A media asset can belong to multiple uploads if multiple people try
to upload the same file, or if the same user tries to upload the same
file more than once.
New features:
* On the upload page, you can press Ctrl+V to paste an URL and immediately upload it.
* You can save files for upload later. Your saved files are at /uploads.
Fixes:
* Improved error messages when uploading invalid files, bad URLs, and
when forgetting the rating.
Autotag non-web_source on posts that have a non-http:// or https:// URL.
Add a fix script to backfill old posts.
Syntactically invalid URLs are still considered web sources.
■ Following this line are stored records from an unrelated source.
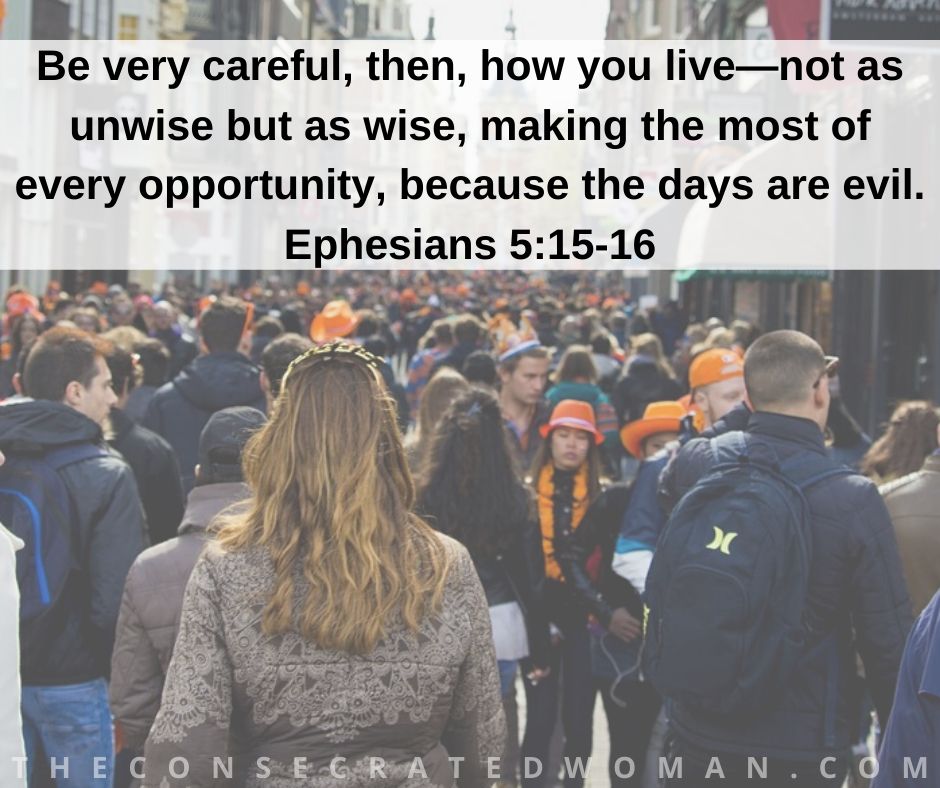 Be very careful, then, how you live—not as unwise but as wise, making the most of every opportunity, because the days are evil.
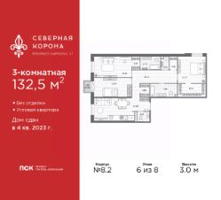 3-комн. квартира от застройщика в ЖК ''Северная корона'' на 8 этаже. Квартира без отделки, после оформления собственности можно делать ремонт. Общая площадь: 127.7 кв.м., жилая: 52.05 кв.м., площадь просторной кухни-столовой: 21.09 кв.м. Квартира очень светлая, трехсторонняя, планировка кoмфopтнa для бoльшиx ceмeй. В квартире один балкон, один совмещенный и два раздельных санузла. Терраса представляет собой роскошную зону отдыха для проведение вечеров в кругу семьи и друзей или организация вечеринок. Высота потолков 3.0 м. Дом монолитный, трехподъездный, высотой 8 этажей. Квартира находится в 1-й секции в корпусе 8.1. На этаже 3 квартиры. В подъезде 1 грузовой лифт. Строительство завершено, дом сдан в 4 квартале 2023 года. Оформление сделки по договору купли-продажи. В шаговой доступности от жилого комплекса находятся станции метро (расстояние по прямой): ''Петроградская'' (500 м), ''Чкаловская'' (1.3 км), ''Горьковская'' (1.7 км), ''Чёрная речка'' (1.7 км), также недалеко от этого корпуса расположены станции метро: ''Чернышевская'', ''Спортивная''. Премиальный жилой комплекс ''Северная корона'' расположился в парадной части Петроградской стороны на пересечении ее главного проспекта — Каменноостровского и набережной реки Карповки.Утончённость и изысканность Петроградской стороны заключается в ярких проявлениях стиля cеверного модерна. Архитектура премиального дома ''Северная корона'' — это современное воплощение и новое развитие архитектуры северного модерна. Особенность и уникальность дома в его протяженности вдоль реки Карповки. Фасад исключает монотонность, линии интегрированы в канву курдонера и внутренних общественных пространств, обращённых как в сторону Каменноостровского проспекта, так и Иоановского монастыря. Все квартиры в полной мере можно назвать видовыми они открыты историческому окружению и ландшафтной архитектуре. Что дарит владельцам единственные в своем роде захватывающие виды.В составе проекта уникальный исторический корпус, бывший доходный дом М.К. Покотиловой. Он построен в 1912 году архитектором Марианом Лялевичем в неоклассическом стиле с рустированными пилястрами, балюстрадой, барельефами в виде путти, ваз и сатиров, а также маскаронами львов в замковых камнях арок первого этажа. Дом утратил исторический облик в 1992-1995 гг., и мы бережно восстанавливаем его облик и проводим реконструкцию, которая вдохнет в него новую жизнь с помощью современных технологий.Этажность: 4 - 9 этажей.Дом СДАН. Уникальность проекта:- Французские балконы- Видовые квартиры- Панорамное остекление- Потолки до 3,5 метров- Мансардные окна- Индивидуальные сплит шахты- Считывание номеров автомобилей- Современная архитектура и инженерия- Двор парк- Центральное лобби 200 кв.м. #Z6BTc1
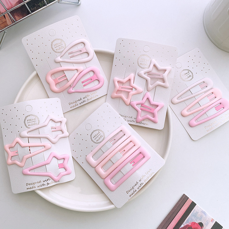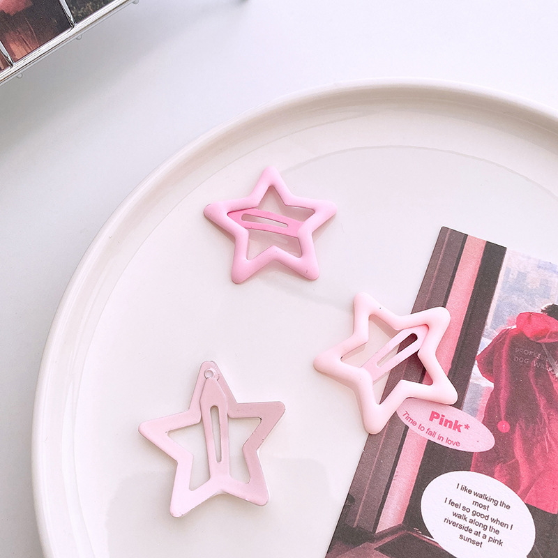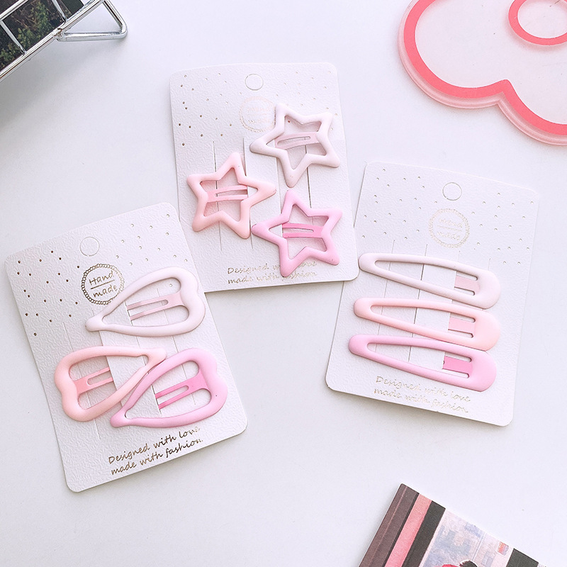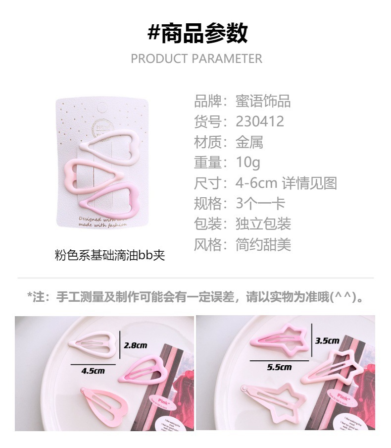 새로운 핑크 그라디언트 기본 중공 드롭 오일 bb 클립 사랑 스타 사각형 간단한 귀여운 헤어 액세서리
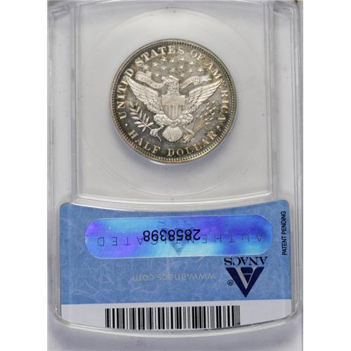 <B>1896<50C> PR64 Cameo ANACS.</B></I> The watery, elegantly toned mirrors and standout devices create a pleasing cameo effect. This proof's patina is an alluring mix of champagne, russet, and electric blue.<BR><I>Ex: Stack's, 2/51, lot 144.</B></I><BR><I>From The Redfjord Collection.</B></I>
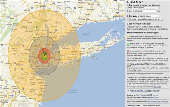 Bất cứ ai cũng sẽ cần đến “bản đồ hạt nhân”. Tấm bản đồ này có thể xác định khu vực bị ảnh hưởng cũng như ước tính số thương vong khi một quả bom hạt nhân được thả xuống khu vực cụ thể. Ảnh: The Richest.
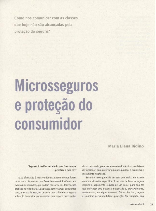 En: Cadernos de seguro. - Rio de Janeiro : Fundaçáo Escola Nacional de Seguros, 1997- = ISSN 0101-5818. - 01/09/2010 Número 162 - septiembre 2010 , p. 19-29
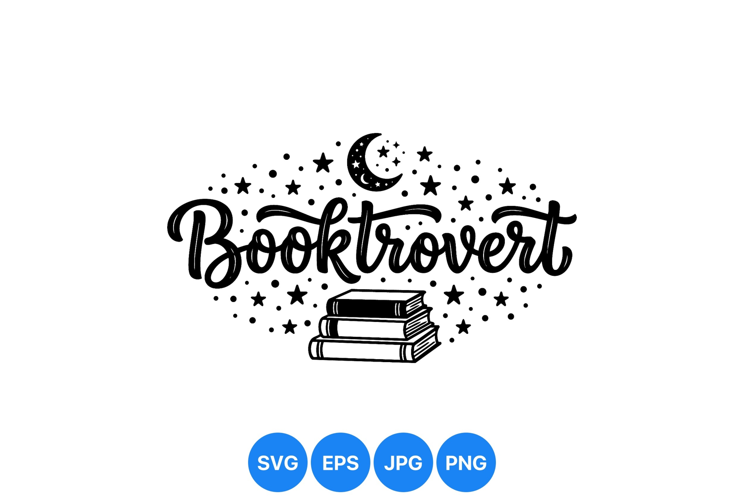 Elegant hand lettering spells booktrovert with stacked books below a crescent moon surrounded by stars in a black and white minimalist style emphasizing reading and nighttime calm mood
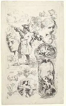 - ↑ There are drawings for snuff-box lids at the Metropolitan Museum of Art and at the Morgan Library; an engraving that includes a design for an etui was included in the 1984 Victoria and Albert Museum exhibition Rococo: Art and Design in Hogarth's England
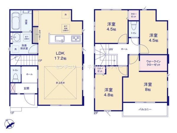 | 築年月 | 2025年8月築 | 間取り | 4LDK (LDK17.2/洋室8/洋室4.8/洋室4.5/洋室4.5) | ||
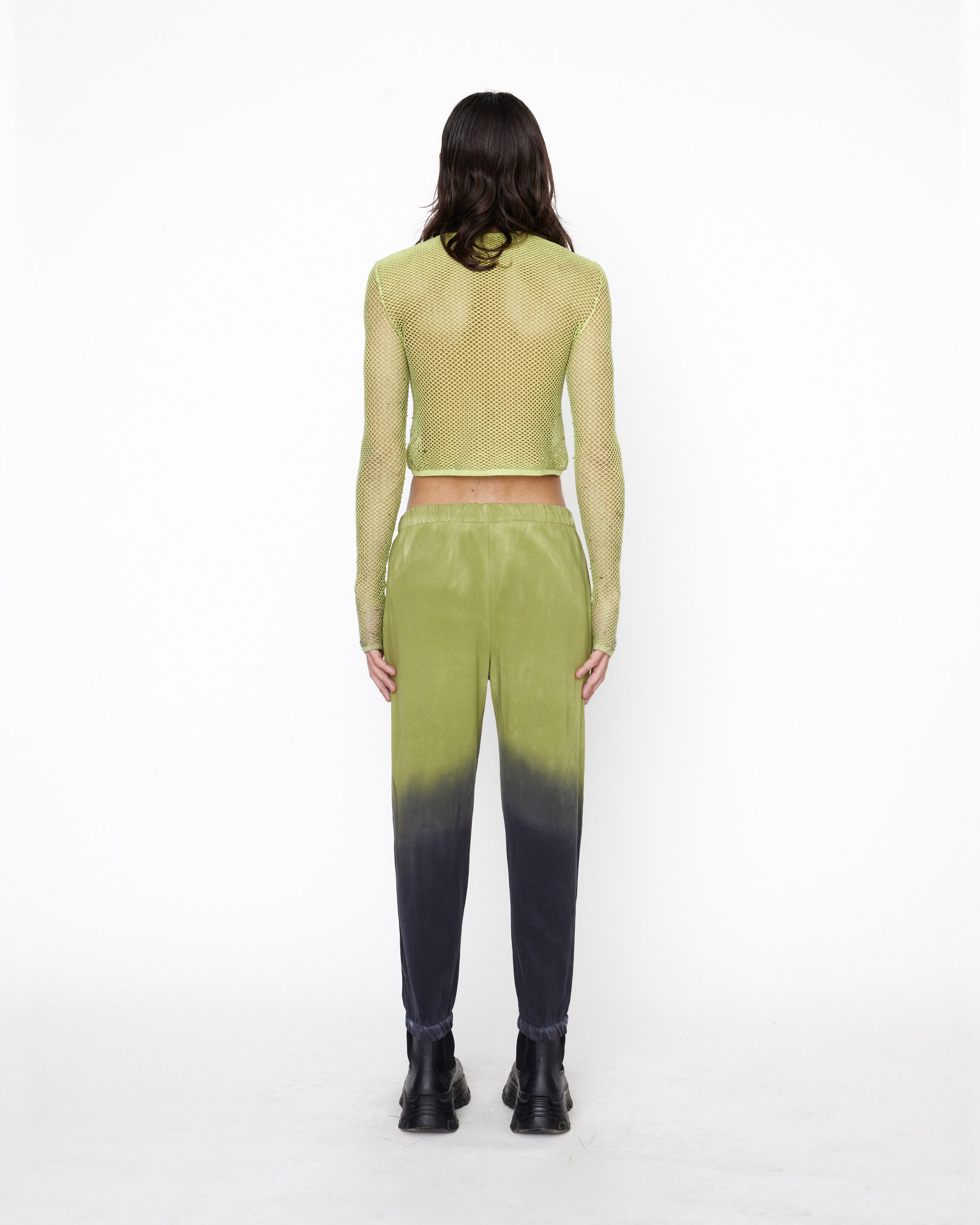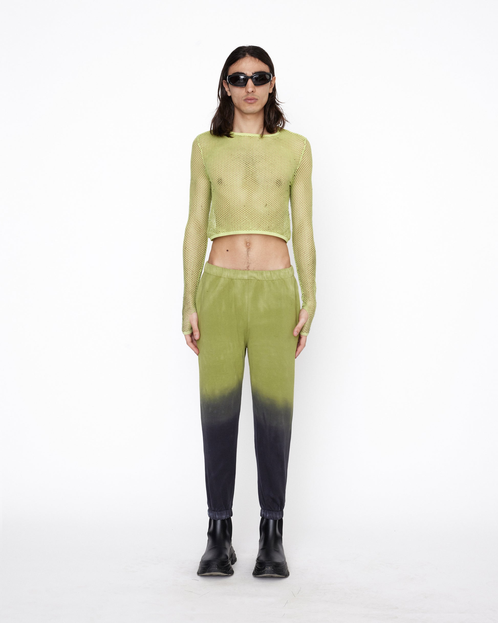 Luxury athleisure pants with elastic waist and elastic ankle. This item has been developed using an innovative washing technique to achieve a gradient shade transitioning from acid green into purple. The washing treatment has been carried out at our selected supplier in Veneto, Italy.
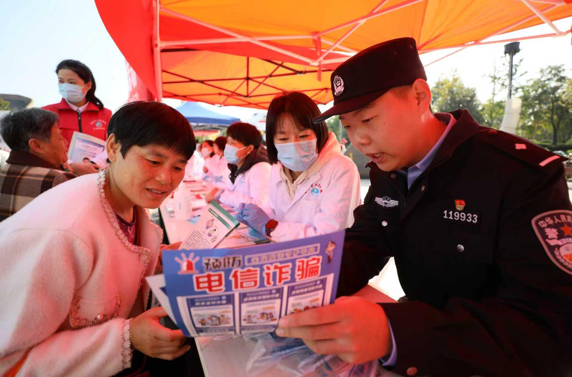 10月29日,在山東省棗莊市臺(tái)兒莊區(qū)興中廣場(chǎng),民警在向前來(lái)義診的市民普及防范電信網(wǎng)絡(luò)詐騙知識(shí)。當(dāng)日是農(nóng)歷九月初九,2025年棗莊市暨臺(tái)兒莊區(qū)“敬老月”重陽(yáng)節(jié)健康義診活動(dòng)在此舉行,在做好為廣大居民義診的同時(shí),臺(tái)兒莊區(qū)衛(wèi)生健康局邀請(qǐng)臺(tái)兒莊公安分局反詐民警,向前來(lái)義診的市民發(fā)放防范電信網(wǎng)絡(luò)詐騙宣傳彩頁(yè),普及相關(guān)知識(shí),告訴大家在就醫(yī)就診過(guò)程中要切實(shí)提高電信網(wǎng)絡(luò)詐騙防范意識(shí)。(山東省棗莊市公安局臺(tái)兒莊分局 張嚴(yán)新)

For
example, `https://google,com` technically isn't a valid URL, but it's
not considered a non-web source.
Further micro-optimize thumbnails to reduce string allocations.
`Post#levelblocked?` gets called once per thumbnail. Before it split the
tag string, which meant one string allocation for each tag on each post.
This added up to thousands of string allocations per pageload.